**** PROVIDED DATA ****

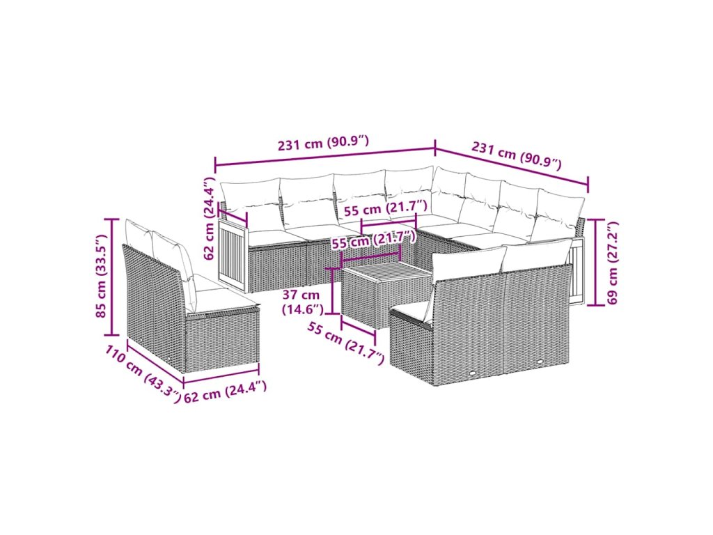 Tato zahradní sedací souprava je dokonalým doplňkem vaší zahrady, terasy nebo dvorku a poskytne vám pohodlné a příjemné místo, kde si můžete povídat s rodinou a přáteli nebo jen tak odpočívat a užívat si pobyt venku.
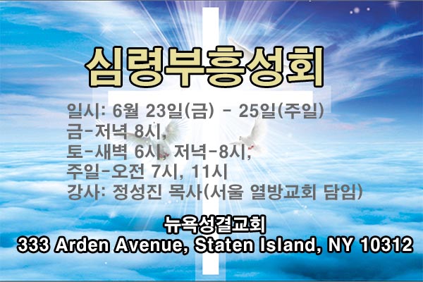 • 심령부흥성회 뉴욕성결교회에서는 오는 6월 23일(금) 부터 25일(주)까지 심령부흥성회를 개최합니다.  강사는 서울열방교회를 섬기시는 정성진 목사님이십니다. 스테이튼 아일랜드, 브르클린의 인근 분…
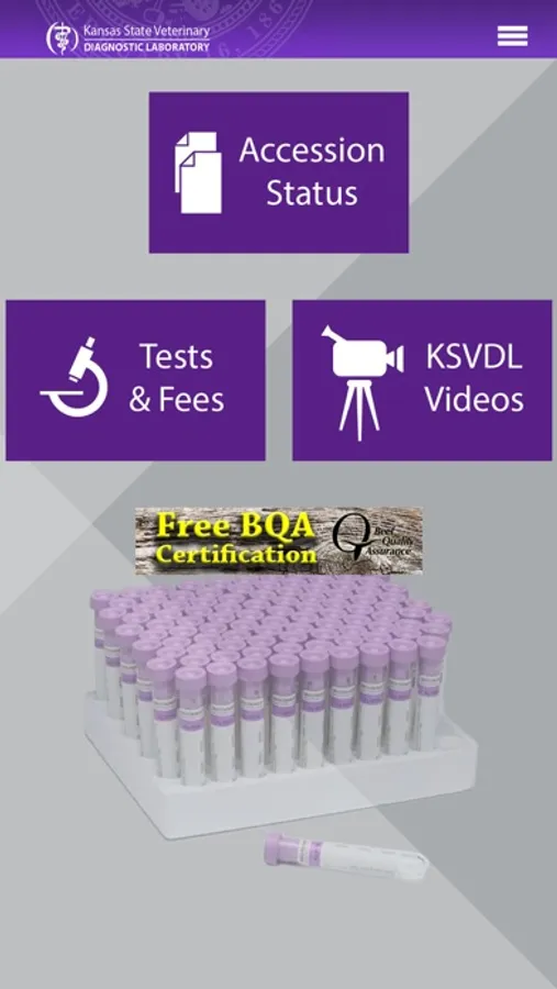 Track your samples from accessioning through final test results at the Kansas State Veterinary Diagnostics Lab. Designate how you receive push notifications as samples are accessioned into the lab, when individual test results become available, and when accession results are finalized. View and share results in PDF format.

****

Wherever an image appears in the data, omit it and repeat everything else exactly.

### TASK RESPONSE
 Tato zahradní sedací souprava je dokonalým doplňkem vaší zahrady, terasy nebo dvorku a poskytne vám pohodlné a příjemné místo, kde si můžete povídat s rodinou a přáteli nebo jen tak odpočívat a užívat si pobyt venku.
 • 심령부흥성회 뉴욕성결교회에서는 오는 6월 23일(금) 부터 25일(주)까지 심령부흥성회를 개최합니다.  강사는 서울열방교회를 섬기시는 정성진 목사님이십니다. 스테이튼 아일랜드, 브르클린의 인근 분…
 Track your samples from accessioning through final test results at the Kansas State Veterinary Diagnostics Lab. Designate how you receive push notifications as samples are accessioned into the lab, when individual test results become available, and when accession results are finalized. View and share results in PDF format.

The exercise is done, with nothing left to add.